About this exercise → Leave out the pictures, and write out exactly the lines from the beginning of the material to the line holding "4、选择喜欢的音乐之后,可以将音乐进行收藏、加入歌单以及选择不同的模式。", that line included, and nothing else.

----- Working data -----

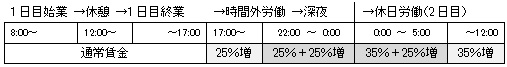 【具体例】始業時刻が午前8時、終業時刻が午後5時、休憩時間が正午から午後1時までの事業場において、徹夜残業を行い、翌日の法定休日の正午において当該残業が終了した場合
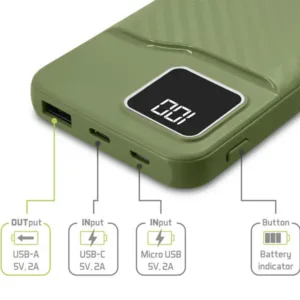 Yksi USB-A-ulostulo jakaa virtaa, samalla kun akkupankkia voidaan ladata kahden sisääntulon kautta: USB-C:n tai micro-USB:n kautta.
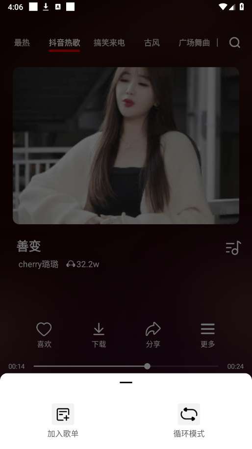 4、选择喜欢的音乐之后,可以将音乐进行收藏、加入歌单以及选择不同的模式。
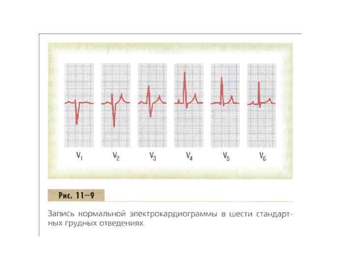 На рис. 11 9 представлена запись грудных отведений электрокардиограммы здорового сердца. Поскольку сердце расположено вблизи грудной стенки, в каждом грудном отведении регистрируется электрический потенциал участка миокарда, расположенного непосредственно под электродом. Малейшие изменения состояния сердца, особенно передней стенки желудочков, отчетливо проявляются в соответствующих отдельных грудных отведениях электрокардиограммы.
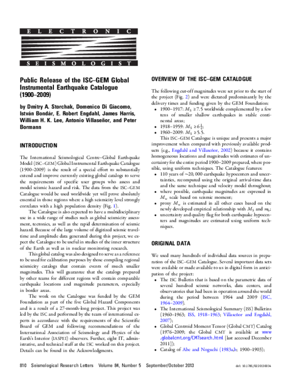 (PDF) ISCGEM Global Instrumental Earthquake Catalogue (19002009), GEM
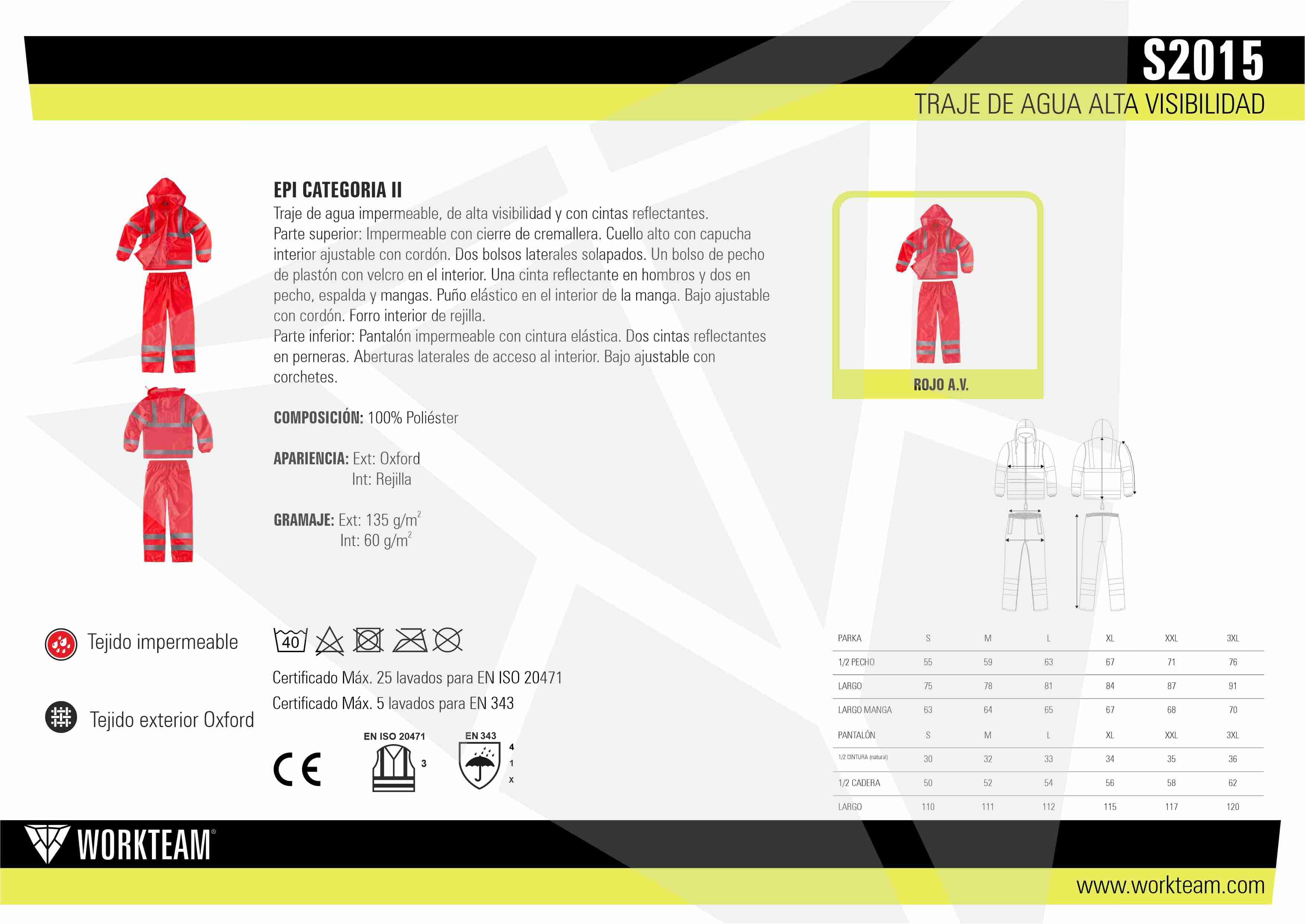 Traje de agua impermeable, de alta visibilidad y con cintas reflectantes. Parte superior: Impermeable con cierre de cremallera. Cuello alto con capucha interior ajustable con cordón. Dos bolsos laterales solapados. Un bolso de pecho de plastón con velcro en el interior. Una cinta reflectante en hombros y dos en pecho, espalda y mangas. Puño elástico en el interior de la manga. Bajo ajustable con cordón. Forro interior de rejilla. Parte inferior: Pantalón impermeable con cintura elástica. Dos cintas reflectantes en perneras. Aberturas laterales de acceso al interior. Bajo ajustable con corchetes.

-----

Solution to this problem →
 【具体例】始業時刻が午前8時、終業時刻が午後5時、休憩時間が正午から午後1時までの事業場において、徹夜残業を行い、翌日の法定休日の正午において当該残業が終了した場合
 Yksi USB-A-ulostulo jakaa virtaa, samalla kun akkupankkia voidaan ladata kahden sisääntulon kautta: USB-C:n tai micro-USB:n kautta.
 4、选择喜欢的音乐之后,可以将音乐进行收藏、加入歌单以及选择不同的模式。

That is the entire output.